Buyers ‘Walked’ Last Year And ‘They’re Not Back Yet’

TGIF and it’s time to put this week in the can. “”Paul McCulley, bond-market-giant PIMCO’s Fed-watcher, wrote last week that ‘Weakness in residential property activity self-feeds’ and that we are in for a cyclical ‘wicked turn’ in the economy, and ‘unconventional property-market weakness.’”

“The Treasury Department’s resumption of 30-year bond sales could have an interesting impact on the home mortgage market, with lenders offering more 40-year loans and maybe even 50-year mortgages for the first time. Chris Low..said longer-dated home loans could prevent a dramatic drop in the housing market. ‘It is a kind of a way to play games with monthly payments,’ said Dick Bove. ‘Stretching out the mortgage maturity is simply a way to lower month payments and stimulate sales.’”

“Land speculators are illegally subdividing land in western Box Elder County (Utah) and selling the small parcels on the Internet. ‘I’ve received phone calls from people who want to know what they can do with their land and are surprised when the answer is nothing,’ Garth Day said.”

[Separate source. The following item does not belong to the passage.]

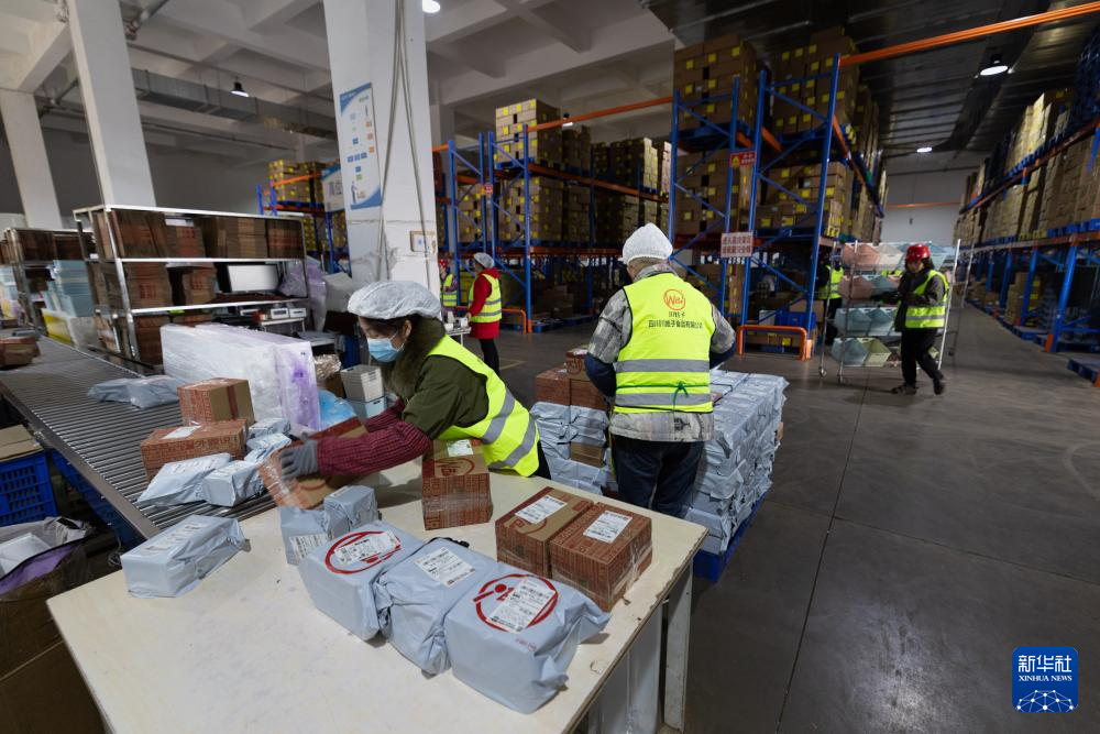 1月15日,在四川川娃子食品有限公司智能生态工厂,工人在物流车间分拣发往消费者手中的快递。
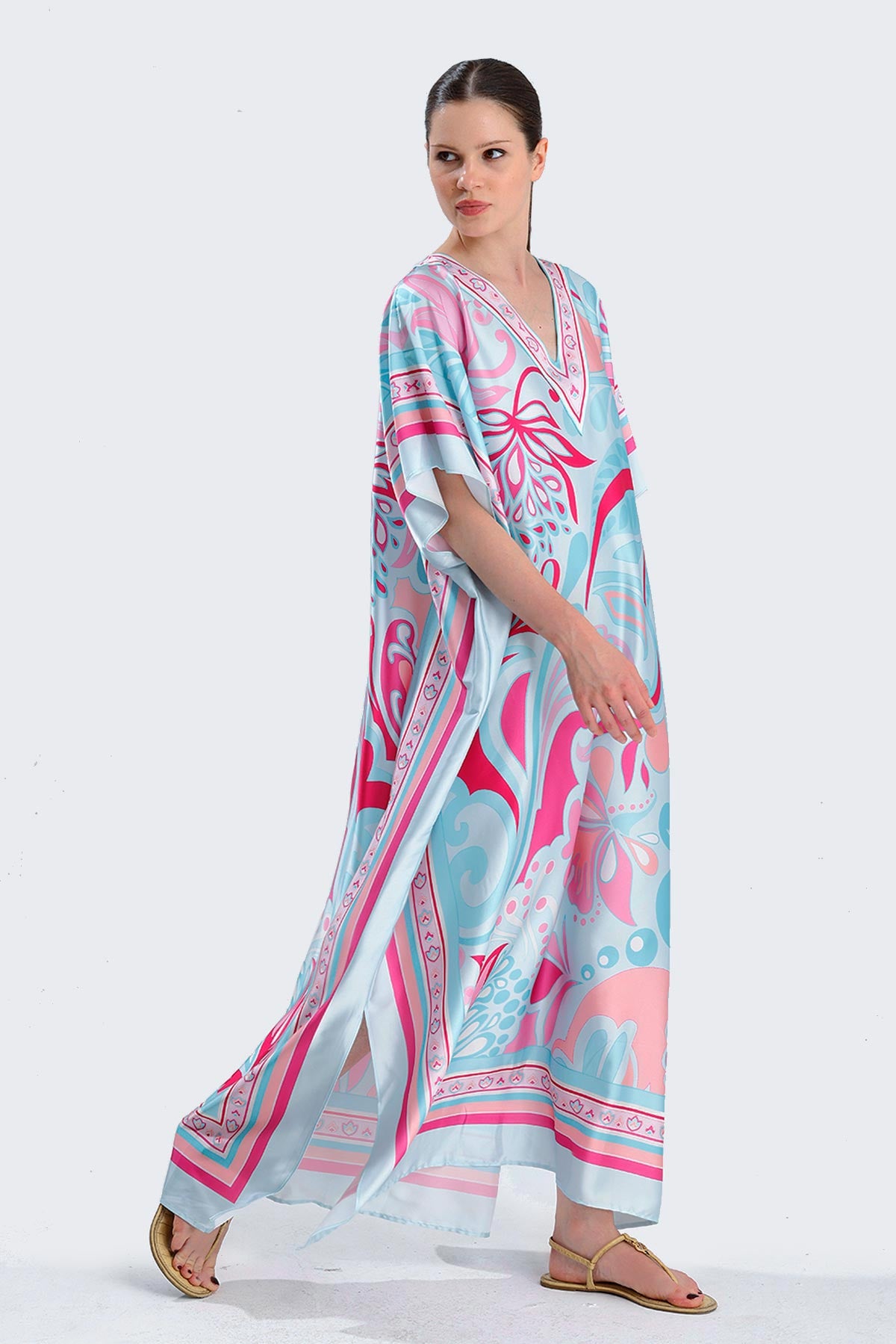 The Linda Kaftan Akıcı saten kumaşı ve pastel pembe-mavi baskısıyla kıyı lüksünü temsil ediyor; havuz başı şıklığı veya tatil akşamları için mükemmel.

“The fastest home-building binge in 33 years is bringing new fears of a glut in new homes and not enough buyers. ‘The long housing boom in the tri-state area is dying out,’ said (economist) Mark McMullen. ‘We won’t see a collapse in housing prices, but the real estate industry, the brokers and financial institutions in the New York area, will take a pretty big hit.’”

“McMullen said a glut is already showing up in California and Florida, as well as New York City and New Jersey. ‘In the metropolitan areas on the West and East coasts, there’s over-building,’ he said. ‘The rate is outstripping the number of households being formed and the number of potential buyers.’”

“The Portland area housing boom seems to be withstanding a seasonal winter chill, several real estate industry experts concluded. January’s median figure was down 2.8 percent from the December median price of $252,900. ‘It would be a great sign of strength if we just hold the pricing,’ said Jerry Johnson a professor at Portland State University.”

“‘Pricing power in the Portland area still has not shifted from sellers to buyers, Johnson said. ‘When that change happens, it happens quickly,’ he said. The area’s largest builders increasingly are erecting houses with higher-end finishes, (realtor) Peggy Hoag said. ‘Granted, they’re on minuscule lots, but the houses have character,’ she said. ‘They look Craftsmany.’”

“The Southwest Washington housing inventory is at its highest point in two years, possibly signaling a weakening market. Although new listings increased 9.6 percent, from 1,085 in January 2004 to 1,189 in January 2005, closed sales decreased by nearly 12 percent and pending sales also dropped, by nearly 8 percent. ‘The market has eased off a bit,’ said David Hendrick, association executive with the Clark County Association of Realtors.”

“Fresno has established itself as a defined market for distributors. ‘There is vacant land for miles, but virtually no land is available,’ Stewart Randall said. The market may peak this year, he said. ‘I got to think we’re getting close to the top,’ he said. ‘You ought to consider cashing out or taking advantage of these prices. These things go up and down.’”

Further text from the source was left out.